There appeared to be nothing the party could do to curb the latest gossip about its leader's personal life, which has been far more widely aired than most of his policy positions.
His ex-wife, Nkosazana Dlamini-Zuma, is South Africa's foreign minister and, according to many reports, Mbeki's preferred successor as party leader before Zuma's election last month. Another wife, Kate Zuma, killed herself in 2000. In a scathing suicide note, published by a South African newspaper, she wrote that her married life was "hell."
Among Zuma's three current wives is his first, Sizakele Zuma, news reports here say. His marriage to Ntuli would make four.
Zuma's sexual encounter with a family friend infected with HIV also became public fodder after she accused him of rape. Zuma defeated those charges in court, but statements from the trial -- including his assertions that her knee-length skirt made clear her sexual intentions and that his culture compelled him to satisfy her -- outraged women's rights groups.
But many of his supporters reached a different conclusion about that trial, saying the rape charges came only after the family of the woman, who was not publicly named, tried but failed to have Zuma take her as a wife.
Callers flooded Radio 702 on Friday when host Redi Direko raised the subject of Zuma's latest marriage. Men offered a wide range of opinions. But every woman but one -- who was elderly -- expressed frustration, Direko said.

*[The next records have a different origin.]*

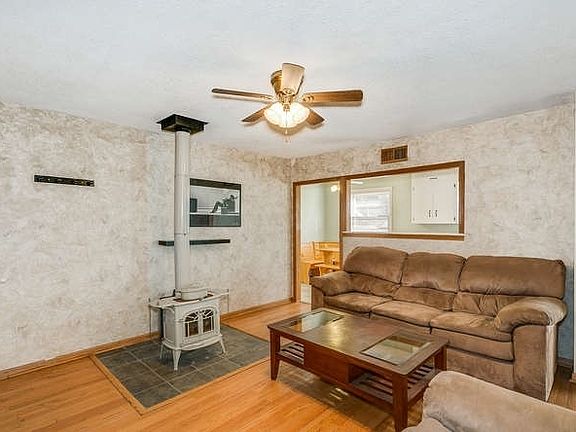 Sweet 2 bed 1 bath home. Covered front porch. Living Room has wood floors, wood burning fireplace. 2 bedrooms 1 bath. Open Kitchen with Banquette, stays with home. Main Floor Laundry/Mud Room. Nice fenced backyard, storage sheds. Vinyl siding, 3 year old Heat/Air, and Hot Water Heater. Mature Trees. Great 1st home.
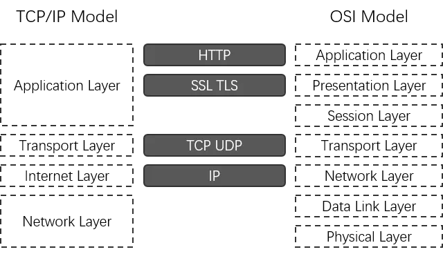 先介绍一下什么是 HTTPS。HTTPS 正如其名字,HTTP 代表其并不是自己创建一个新的协议,而是建立在 HTTP 的基础之上,S 代表其是安全的,如何保证安全?利用 SSL/TLS。SSL(Secure Sockets Layer,安全套接层)是网景设计的安全传输协议,经历了 1.0、2.0 和 3.0 版本,但因为 1.0 有严重安全缺陷,所以从未公布。后来 IETF 将 SSL 标准化,称为 TLS(Transport Layer Security, 传输层安全协议) ,TLS 1.0 与 SSL 3.0 差别很小。TLS 经历了 1.0、1.1 到现在最新的 1.2。在 HTTPS 通信中具体使用哪一种还要看客户端和服务端的支持程度。那 SSL/TLS 在网络模型中属于哪一层呢?直接上图:
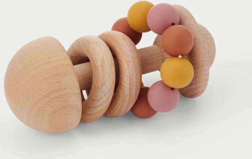 Grzechotka koralikowa SiliSoft Grzechotka koralikowa SiliSoft to wysokiej jakości, nowoczesna zabawka. Łączy drewniane elementy (drewno bukowe) i miękki, bezpieczny silikon spożywczy. Przeznaczona jest dla dzieci od pierwszych dni życia. To właśnie takie małe pociechy uczą się poznawać świat i eksplorować swoje otoczenie, a zabawki sensoryczne pomagają im w tym procesie! Połączenie gładkiego drewna i silikonowych koralików o wyczuwalnej fakturze to fantastyczny sposób na dostarczanie zorganizowanych i przemyślanych bodźców dotykowych. Delikatne dźwięki Grzechotki koralikowej SiliSoft pobudzają zmysł słuchu, zachęcając maluszka do chwytania i potrząsania. Takie aktywności wpływają nie tylko na wzmacnianie zmysłów i integrację sensoryczną, ale również wspierają rozwój zdolności motorycznych i koordynacji ręka-oko małego użytkownika. Kolorowe silikonowe koraliki można ponadto podgryzać, co złagodzi ból i dyskomfort podczas ząbkowania. Grzechotkę koralikową wykonano bowiem z certyfikowanego drewna oraz silikonu spożywczego spełniającego normy LFGB i FDA. Dzięki temu zabawka jest wolna od toksyn, łatwa do mycia i wyjątkowo trwała – posłuży dziecku przez długi czas . Grzechotka koralikowa SiliSoft jest idealnym rozwiązaniem dla rodziców poszukujących bezpiecznej i rozwijającej zabawki sensorycznej. Sprawdzi się u terapeutów i pedagogów wspierających rozwój motoryki małej i sensoryki u dzieci. [ikony-produktu-opisy] Co zawiera? Grzechotka koralikowa SiliSoft – 1 szt. Główne informacje Producent: TickiT Wiek: bez ograniczeń Materiał: silikon spożywczy, drewno bukowe Wymiary: dł. 10 cm x szer. 5 cm Zabawka posiada certyfikat CE. Pomysły na zabawę Dźwiękowy tik-tak – pobudzanie zmysłu słuchu, wzmacnianie zdolności motorycznych i koncentracji Pokaż dziecku, jak potrząsać grzechotką, aby usłyszeć uderzające o siebie i drewniany korpus koraliki. Gdy maluszek zapozna się z działaniem grzechotki, możesz zabawę urozmaicić: zatrzymaj rękę, gdy dziecko się skupia, gdy odwraca wzrok, rozprasza się – grzechocz na nowo. To ćwiczenie stymuluje percepcję słuchową i dziecięcą cierpliwość. Instrukcja
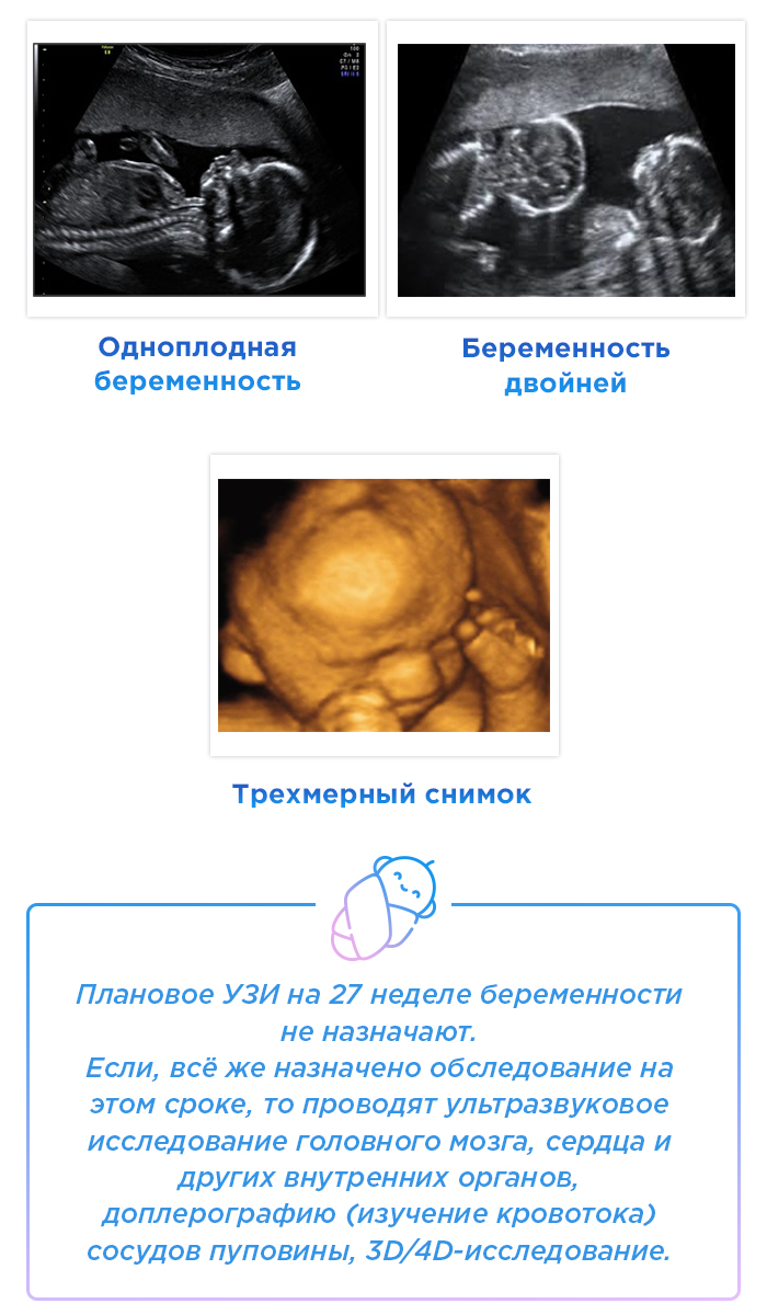 Плановое УЗИ на 27 неделе беременности не назначают. Ультразвуковое исследование может потребоваться в случаях, если беременность протекает с некоторыми осложнениями. Например, если врач обнаруживает, что живот женщины вырос слишком мало, и возникает подозрение на задержку внутриутробного развития.
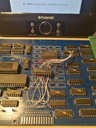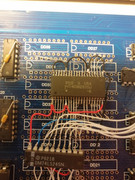 Провел эксперимент по замене РУшек. Использовал микросхему mt4c16257 (валялась в закромах, кажись от видеокарты). Схему не привожу, т.к. все просто и по фото понятно. Кратко: выводы старшего и младшего байта подключены параллельно, А8 и /OE заведены на "землю", к /CASH и /CASL подключены С37 и С38, для развязки входов-выходов использован буфер АП6/245.
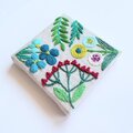 リネンに少しレトロな雰囲気の色合いで小さなお花を丁寧に手刺繍しました。
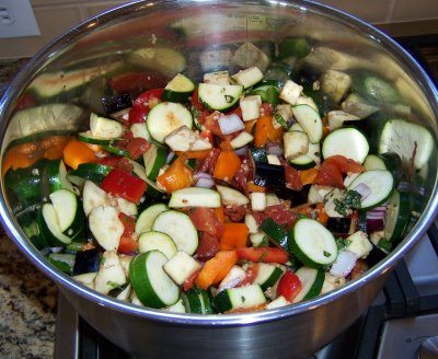 As the following picture shows, I made an enormous batch of ratatouille. When I cook, I like to make extra servings and freeze the leftovers. These particular leftovers lasted quite a while!
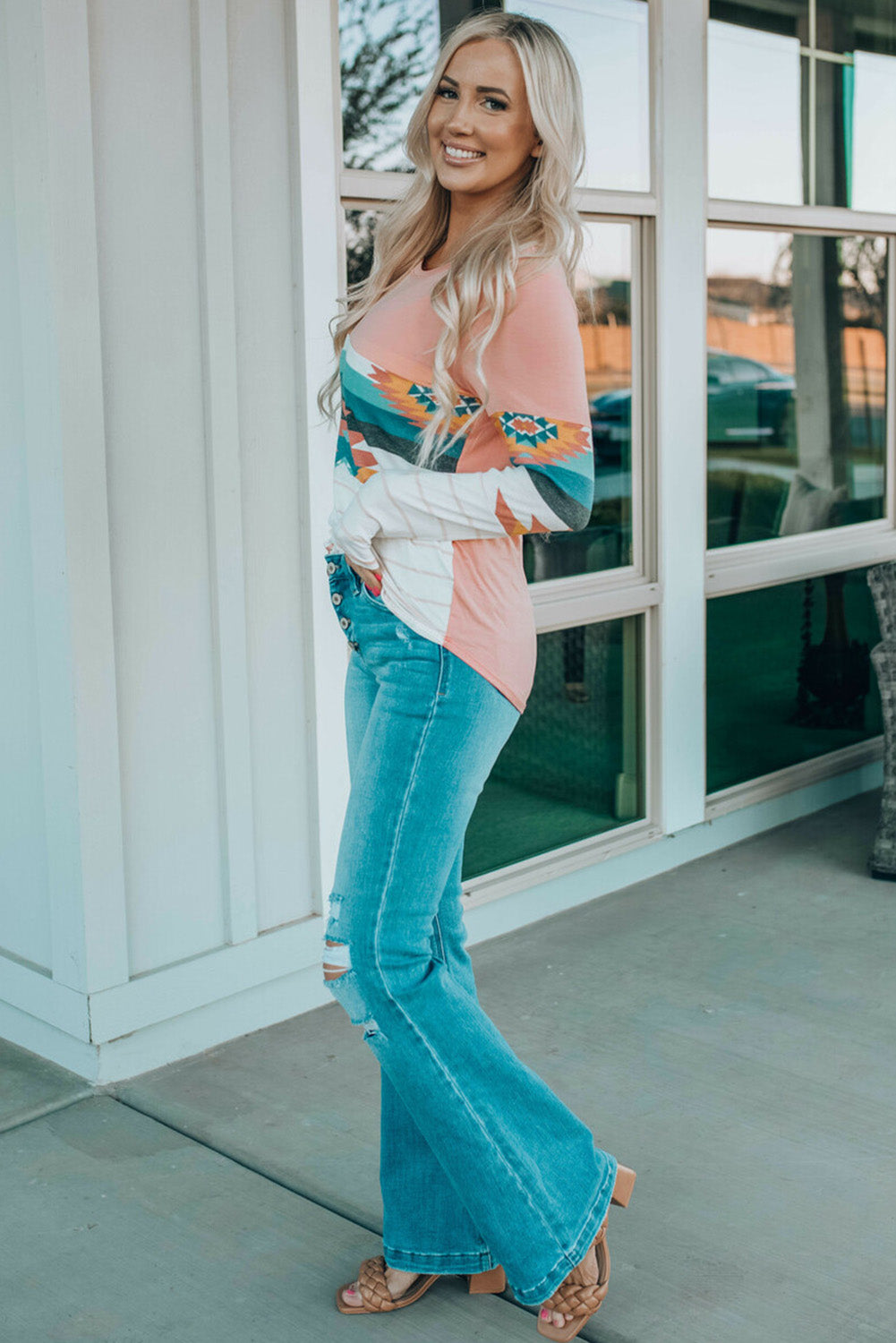 Geometric Round Neck Long Sleeve T-Shirt

"Even as we argue that it's culture, you have to ask: Who sets the terms for culture? It is males. It is patriarchy," she said.
Direko added that even as many South African women accept polygamous marriages, "a lot of them, when they're in their private moments, they'd rather be in a relationship with a man who's 100 percent there."
"This is what Jacob Zuma presents with his colorful life. It's messy. But it's real," Brown, the newspaper editor, said. "Real doesn't always mean progressive. It doesn't always mean forward-looking. But it's real."